Cast: Justin Chambers, Kevin McKidd, Michael B. Jordan, C. Thomas Howell, Cary Elwes, Vanessa Marshall, Nathan Fillion, Kevin Conroy
Director: Jay Oliva
Running Time: 1 hr. 15 min.
Release Date: July 30th, 2013 (Home Video)

When time travel allows a past wrong to be righted for The Flash and his family, the ripples of the event prove disastrous as a fractured, alternate reality now exists where a Justice League never formed, and even Superman is nowhere to be found. Teaming with a grittier, more violent Dark Knight and Cyborg, Flash races to restore the continuity of his original timeline while this new world is ravaged by a fierce war between Wonder Woman's Amazons and Aquaman’s Atlanteans. With breath taking action and an all-star voice cast, it's a bold, emotional vision that will forever change the landscape of the DC Universe.

DC has been churning out one great animated movie after another for several years now. Generating much-loved features such as Justice League: Doom, Wonder Woman and the two-part adaptation of The Dark Knight Returns, fans are always anticipating the next project. Its latest direct-to-video release adapts the 2011 "Flashpoint" story arc, which led to the creation of the New 52 continuity. So, how does Justice League: The Flashpoint Paradox fair?

Having not read the comic book arc, I was very captivated by the world of the alternative timeline that The Flash winds up in. The dark, apocalyptic vibe created by the war between Aquaman and Wonder Woman helps in building the much-needed tension, and the score is very good. The animation itself is fine, but I wasn't big on certain character designs. Some were drawn as too muscular (such as Superman, Cyborg and Aquaman), while Wonder Woman's face is narrower than I'd expect. (The latter is nothing more than a minor nitpick.) However, Flash himself looks great, as do Professor Zoom, Batman and others.

The voice acting is solid, as expected.

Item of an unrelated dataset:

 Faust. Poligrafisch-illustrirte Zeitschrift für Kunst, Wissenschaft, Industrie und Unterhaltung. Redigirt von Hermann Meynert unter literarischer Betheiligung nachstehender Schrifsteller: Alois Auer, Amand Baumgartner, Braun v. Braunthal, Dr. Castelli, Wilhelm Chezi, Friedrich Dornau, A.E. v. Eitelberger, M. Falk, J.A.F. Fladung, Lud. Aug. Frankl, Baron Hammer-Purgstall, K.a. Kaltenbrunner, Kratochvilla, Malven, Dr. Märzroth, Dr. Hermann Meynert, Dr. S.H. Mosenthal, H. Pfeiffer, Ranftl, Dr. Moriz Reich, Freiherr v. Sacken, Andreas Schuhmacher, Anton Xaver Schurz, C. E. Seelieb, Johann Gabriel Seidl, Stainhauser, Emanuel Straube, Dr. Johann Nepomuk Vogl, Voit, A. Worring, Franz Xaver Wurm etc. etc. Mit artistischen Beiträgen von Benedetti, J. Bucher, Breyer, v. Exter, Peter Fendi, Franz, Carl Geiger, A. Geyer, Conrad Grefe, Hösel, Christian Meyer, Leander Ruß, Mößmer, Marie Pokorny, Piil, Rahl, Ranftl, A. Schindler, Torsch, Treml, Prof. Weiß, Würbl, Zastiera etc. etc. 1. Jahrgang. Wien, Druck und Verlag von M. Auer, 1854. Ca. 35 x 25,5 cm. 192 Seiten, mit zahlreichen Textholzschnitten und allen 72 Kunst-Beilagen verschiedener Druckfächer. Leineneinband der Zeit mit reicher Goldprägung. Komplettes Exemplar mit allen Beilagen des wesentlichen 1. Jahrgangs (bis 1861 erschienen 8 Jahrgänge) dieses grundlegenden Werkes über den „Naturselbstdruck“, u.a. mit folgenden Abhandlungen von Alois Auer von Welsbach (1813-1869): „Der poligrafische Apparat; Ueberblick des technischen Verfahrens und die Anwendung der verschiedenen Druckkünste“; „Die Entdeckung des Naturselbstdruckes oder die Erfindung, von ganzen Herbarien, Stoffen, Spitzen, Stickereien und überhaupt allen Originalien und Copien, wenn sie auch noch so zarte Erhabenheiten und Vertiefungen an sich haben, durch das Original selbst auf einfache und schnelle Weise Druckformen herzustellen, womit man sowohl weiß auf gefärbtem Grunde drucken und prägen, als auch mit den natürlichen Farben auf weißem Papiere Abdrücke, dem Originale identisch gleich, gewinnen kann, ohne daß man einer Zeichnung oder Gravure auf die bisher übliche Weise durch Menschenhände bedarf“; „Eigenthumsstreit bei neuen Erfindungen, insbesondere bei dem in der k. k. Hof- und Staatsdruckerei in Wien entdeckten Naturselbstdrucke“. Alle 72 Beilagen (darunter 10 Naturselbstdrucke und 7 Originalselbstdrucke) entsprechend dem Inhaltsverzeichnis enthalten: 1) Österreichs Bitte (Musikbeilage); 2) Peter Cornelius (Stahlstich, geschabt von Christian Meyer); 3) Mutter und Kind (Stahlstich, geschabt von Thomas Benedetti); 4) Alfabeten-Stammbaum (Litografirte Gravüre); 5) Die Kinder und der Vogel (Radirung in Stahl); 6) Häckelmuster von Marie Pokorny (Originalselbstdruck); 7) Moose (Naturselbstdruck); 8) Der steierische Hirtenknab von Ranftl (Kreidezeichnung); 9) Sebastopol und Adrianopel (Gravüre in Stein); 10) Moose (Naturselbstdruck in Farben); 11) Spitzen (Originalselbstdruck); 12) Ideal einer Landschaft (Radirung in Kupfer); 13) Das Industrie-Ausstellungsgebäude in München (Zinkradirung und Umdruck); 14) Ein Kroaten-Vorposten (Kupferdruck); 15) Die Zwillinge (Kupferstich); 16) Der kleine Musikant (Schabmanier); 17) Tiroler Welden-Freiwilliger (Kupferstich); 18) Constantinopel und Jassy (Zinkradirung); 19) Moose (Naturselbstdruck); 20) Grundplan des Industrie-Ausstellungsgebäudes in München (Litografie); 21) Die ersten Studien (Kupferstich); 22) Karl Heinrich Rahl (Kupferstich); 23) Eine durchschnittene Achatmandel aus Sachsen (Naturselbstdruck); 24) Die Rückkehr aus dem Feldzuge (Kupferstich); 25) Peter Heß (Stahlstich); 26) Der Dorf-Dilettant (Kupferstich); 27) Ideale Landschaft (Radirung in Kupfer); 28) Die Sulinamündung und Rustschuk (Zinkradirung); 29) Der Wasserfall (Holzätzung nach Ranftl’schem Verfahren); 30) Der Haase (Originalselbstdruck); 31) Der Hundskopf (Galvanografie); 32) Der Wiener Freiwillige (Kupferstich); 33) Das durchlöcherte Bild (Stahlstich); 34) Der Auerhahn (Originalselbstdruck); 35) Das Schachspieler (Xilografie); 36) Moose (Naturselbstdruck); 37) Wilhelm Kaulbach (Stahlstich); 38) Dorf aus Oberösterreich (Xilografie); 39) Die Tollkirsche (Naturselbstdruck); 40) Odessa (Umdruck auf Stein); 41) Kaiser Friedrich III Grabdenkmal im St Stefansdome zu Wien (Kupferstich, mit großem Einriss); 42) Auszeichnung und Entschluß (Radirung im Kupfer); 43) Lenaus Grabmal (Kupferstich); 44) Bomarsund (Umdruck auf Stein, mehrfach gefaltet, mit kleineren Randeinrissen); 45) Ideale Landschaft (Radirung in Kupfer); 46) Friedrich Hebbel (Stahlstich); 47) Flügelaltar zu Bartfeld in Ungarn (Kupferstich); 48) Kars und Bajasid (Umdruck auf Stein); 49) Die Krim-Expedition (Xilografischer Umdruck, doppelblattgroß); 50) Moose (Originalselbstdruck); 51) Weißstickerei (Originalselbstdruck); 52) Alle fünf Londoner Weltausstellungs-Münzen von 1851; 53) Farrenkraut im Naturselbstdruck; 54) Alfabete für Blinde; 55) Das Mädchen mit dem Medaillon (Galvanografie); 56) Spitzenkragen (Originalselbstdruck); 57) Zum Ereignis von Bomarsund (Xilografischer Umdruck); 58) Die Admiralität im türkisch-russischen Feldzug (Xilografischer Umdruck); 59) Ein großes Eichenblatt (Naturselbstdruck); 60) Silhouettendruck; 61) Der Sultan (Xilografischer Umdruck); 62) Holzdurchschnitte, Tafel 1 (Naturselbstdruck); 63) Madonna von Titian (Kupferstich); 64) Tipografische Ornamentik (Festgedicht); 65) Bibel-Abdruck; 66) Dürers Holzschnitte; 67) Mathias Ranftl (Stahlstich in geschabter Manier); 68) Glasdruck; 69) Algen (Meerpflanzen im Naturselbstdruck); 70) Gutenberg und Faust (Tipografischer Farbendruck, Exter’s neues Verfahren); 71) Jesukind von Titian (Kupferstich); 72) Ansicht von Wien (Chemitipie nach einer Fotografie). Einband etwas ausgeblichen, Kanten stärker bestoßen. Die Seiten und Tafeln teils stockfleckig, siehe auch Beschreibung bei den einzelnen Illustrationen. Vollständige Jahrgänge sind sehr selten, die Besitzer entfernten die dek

Justin Chambers is excellent as The Flash, giving Barry Allen the depth and characterization needed. Kevin McKidd is top notch as the Flashpoint Batman. Thomas Wayne's Caped Crusader is even more terrifying than Bruce's, but at the same time, he's just as deep character-wise. Michael B. Jordan (who's actually my top choice to play the character in live action) is perfect as Cyborg, making Victor Stone a more likable character in my eyes. C. Thomas Howell is great as the villainous Professor Zoom. Sam Daly is okay as Superman (but doesn't hold a candle to his father Tim or George Newbern), while Cary Elwes was decent as Aquaman. However, Vanessa Marshall delivers a great portrayal of Wonder Woman; I thought she was better here than in Justice League: Crisis On Two Earths. And who doesn't love Kevin Conroy as Bruce Wayne/Batman, Nathan Fillion as Green Lantern and Ron Perlman as Deathstroke?

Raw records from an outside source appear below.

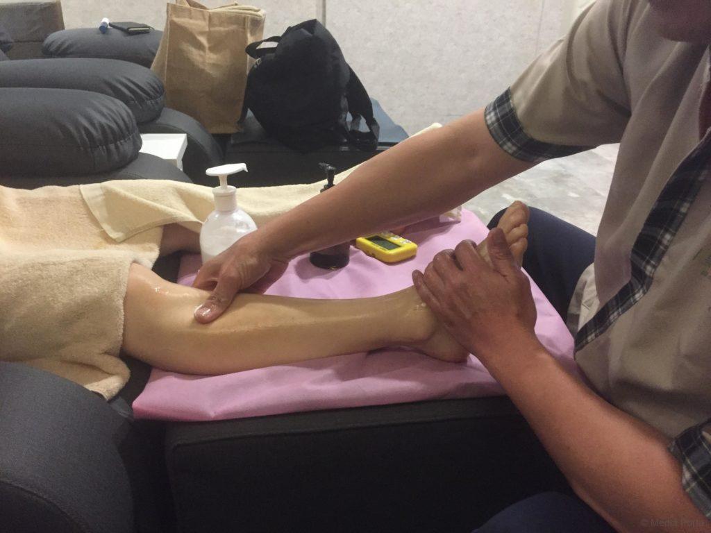 足裏も気持ちよかったけれど、歩き疲れた足全体のマッサージが気持ちよくて、眠ってしまいそうでした。それからホット枕をつけてくれ、首が温まり気持ち良かったです。
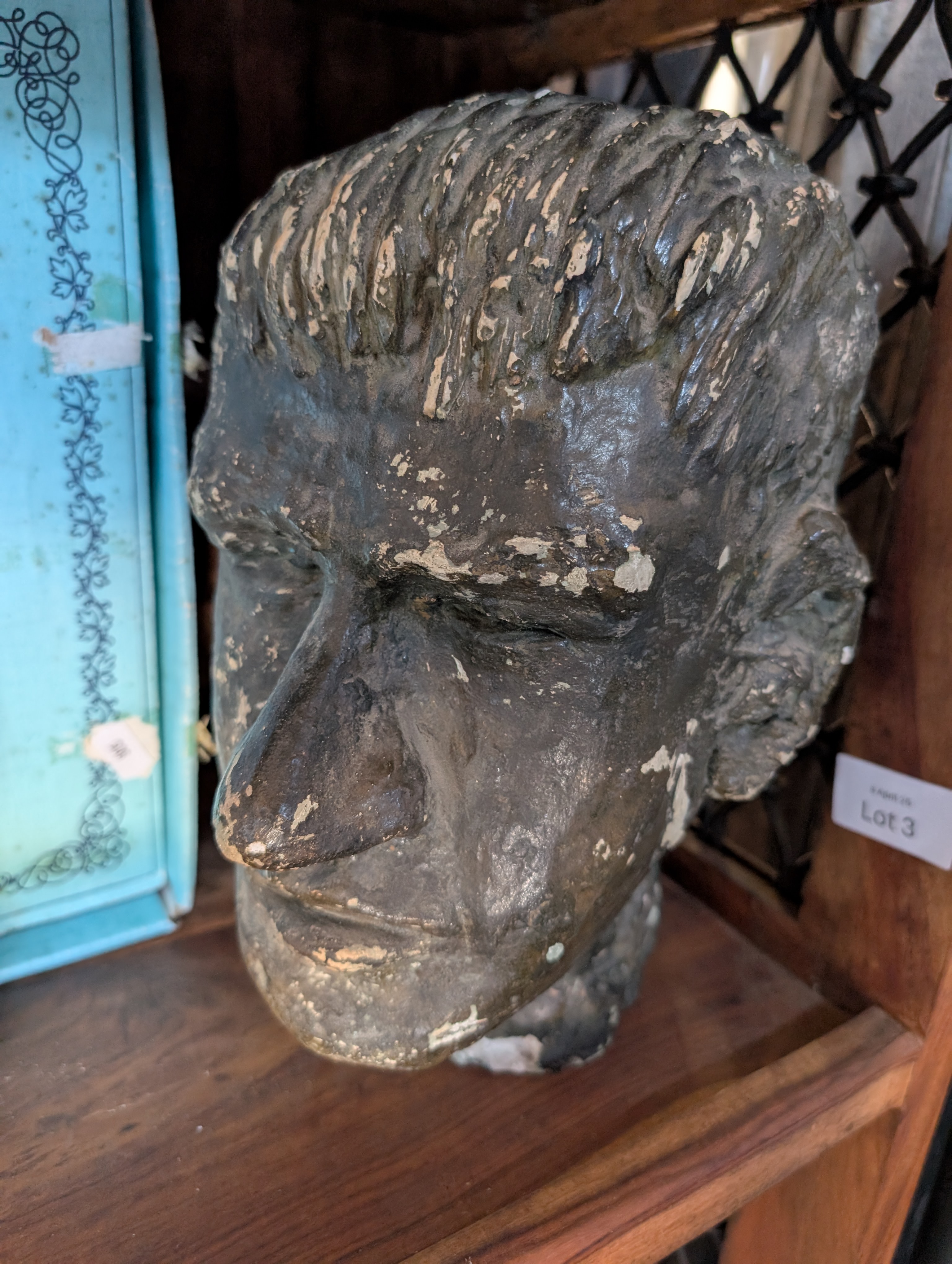 A mid-century studio pottery life-size head 27cm ceramic with weathered bronze effect
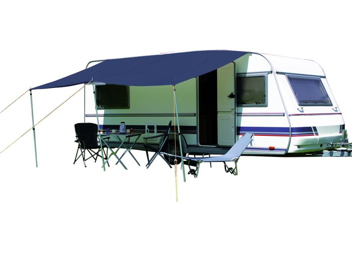 Vervaardigd van een stevig en slijtvast polyester en voorzien van een 7 mm pees voor de bevestiging aan de caravan. De luifel wordt incl stokkenset geleverd. Zeer snel een eenvoudig op te zetten!

Pacing/running time has been an occasional issue in DC's animated films, with some (such as Batman: Year One) feeling particularly rushed. However, The Flashpoint Paradox offers a perfect pace despite the expected 75 minute running time. I found the writing and storytelling to be tighter and better here as well. Without spoiling anything, a handful of scenes were so emotional that they made me tear up a bit (which rarely happens when I watch an animated movie), particularly the ending. On another note, this film definitely ups the ante when it comes to violence/bloodshed. It's obviously a darker film than DC's usual, but the amount of brutality is unexpectedly on par with Wonder Woman and even The Dark Knight Returns to a degree.

Overall, Justice League: The Flashpoint Paradox is yet another winner for DC. While not its greatest effort in the animation department, it does a mostly excellent job adapting an epic, mind-bending storyline. It's also great for The Flash to finally shine in the spotlight, with most of the Justice League acting more as supporting characters. Hopefully, future animated films will move away from Batman and Superman and focus more on other heroes. If you're a fan of DC animation or even DC characters in general, I highly recommend this one. Oh, and stay after the credits for another scene, which teases next year's Justice League: War.